4.3. Limitations of the data
The number of IMGs in the medical directory sample who were registered after 2011 is quite small. This is very likely to be artefactual, since many IMGs continued to sit and pass the AMC examinations during that final decade (Yeomans et al., 2021), although their number has fallen by about a half since 2009. The other reason for the lower numbers of IMGs in 2011–20 in the MDA database is probably that many are still in supervised positions – with the relevant specialty colleges, in mandated hospital medical officer positions after passing the AMC examinations, or in supervised general practice positions where they are not yet permitted to bill patients for private services in their own right. Thus, this paper concerns the distribution of the established medical workforce, not the total workforce that includes doctors still in supervised positions. A further limitation is that a small number of doctors who work solely in hospitals, without private practice, do not get listed in the MDA,
5. Conclusions and implications for policy
This paper provides up-to-date information about the demography of the immigrant doctors who are currently practicing in Australia, which will be of some value to health planners and likely to be of interest to prospective medical immigrants. These data confirm that IMGs are more likely than local graduates to provide medical services in rural and remote areas, though the cities continue to be a magnet for the majority. Australia is not alone in using IMGs to plug these healthcare gaps: Canada and New Zealand have relied on them for years (Pinsky, 2017; Dove, 2009, Lawrenson et al., 2016).
Funding
This work was supported by an Australian Government research scholarship.

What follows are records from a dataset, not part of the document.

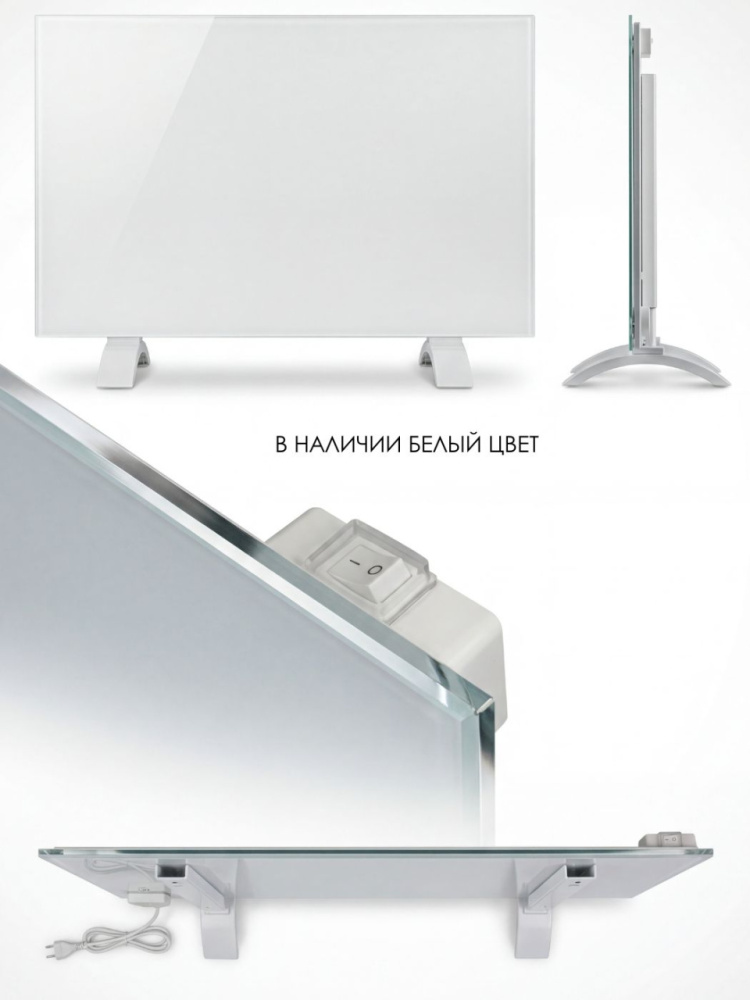 Обогреватель создан на стеклянной основе белого, черного цвета.
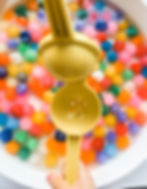 Open the juicer, grab the pom poms, squish them in & then squeezeeeeeeee!
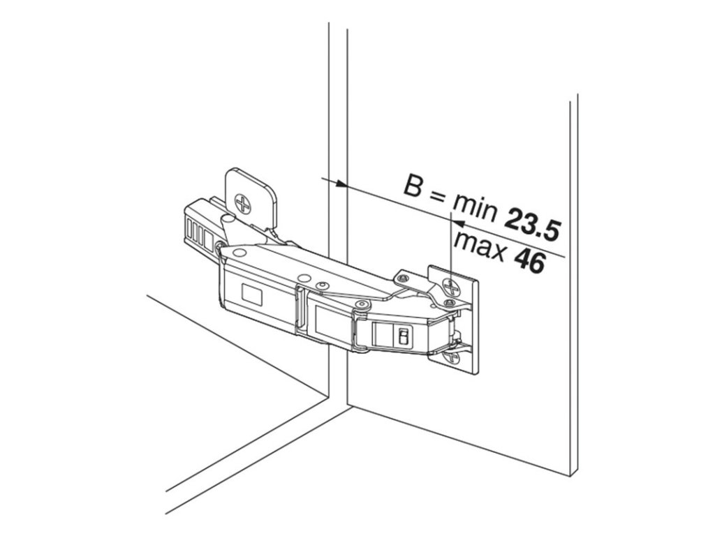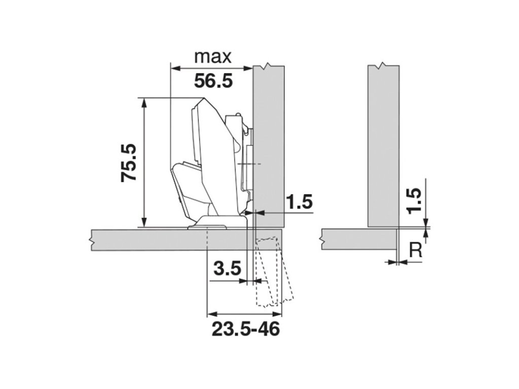 Závěs pro tenké materiály o síle 8-14mm s integrovaným BLUMOTION. Průměr frézovaných otvorů - 10mm. Hloubka - 6mmPoužitelné pro materiály:
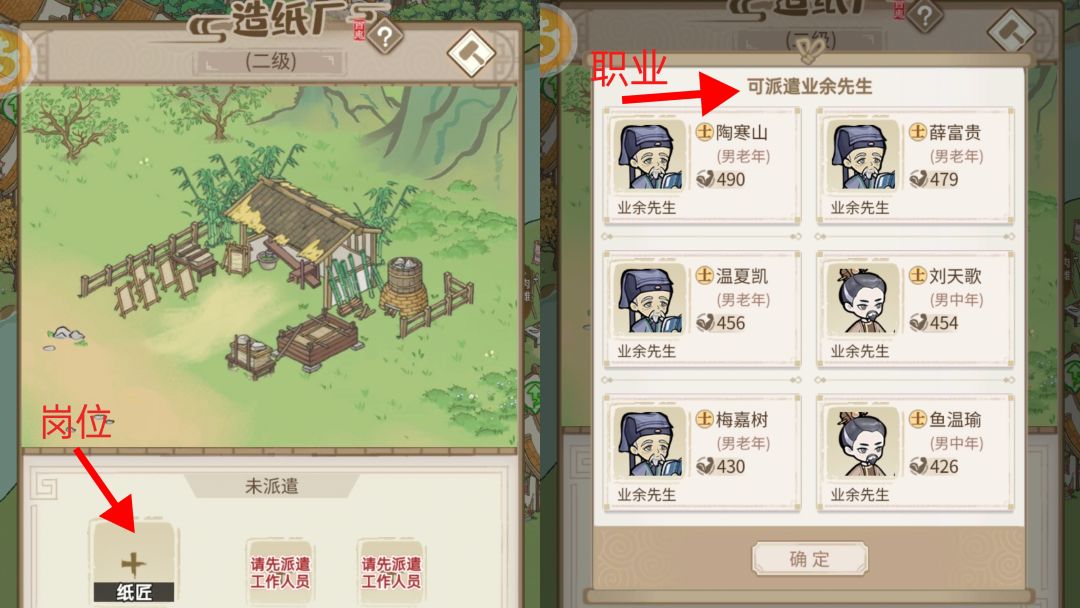 (2)第二列是居民的职业。在派遣居民的界面的➕号显示的是岗位,点进去之后,窗口上方代表可派遣的职业,一般来说岗位与普通居民(表中金色字体是稀有居民,能力值400-10000,黑色字体是普通居民,能力值100-500)的职业名称相同。特殊情况也很多,例如下图
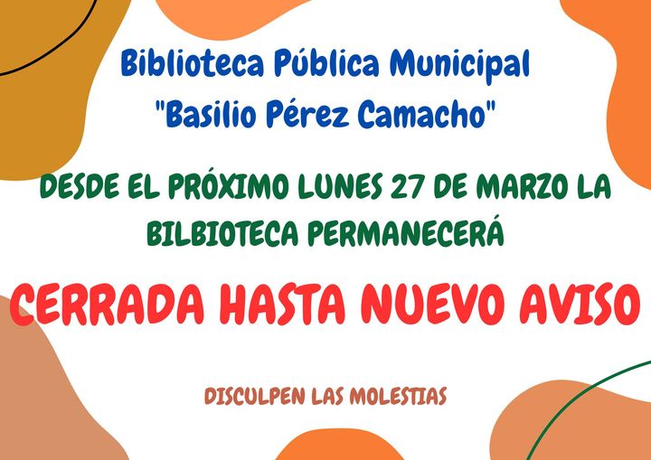 A partir del próximo lunes 27 de marzo la Biblioteca Basilio Pérez Camacho de Cantillana permanecerá cerrada hasta próximo aviso.

Declaration of Competing Interest
The authors declare that they have no known competing financial interests or personal relationships that could have appeared to influence the work reported in this paper.
Footnotes
Data are available for 2019-20, but that period was impacted by the Australian border closure due to the COVID-19 pandemic.
New Zealand is excluded here because the two countries have a freedom of movement agreement between them.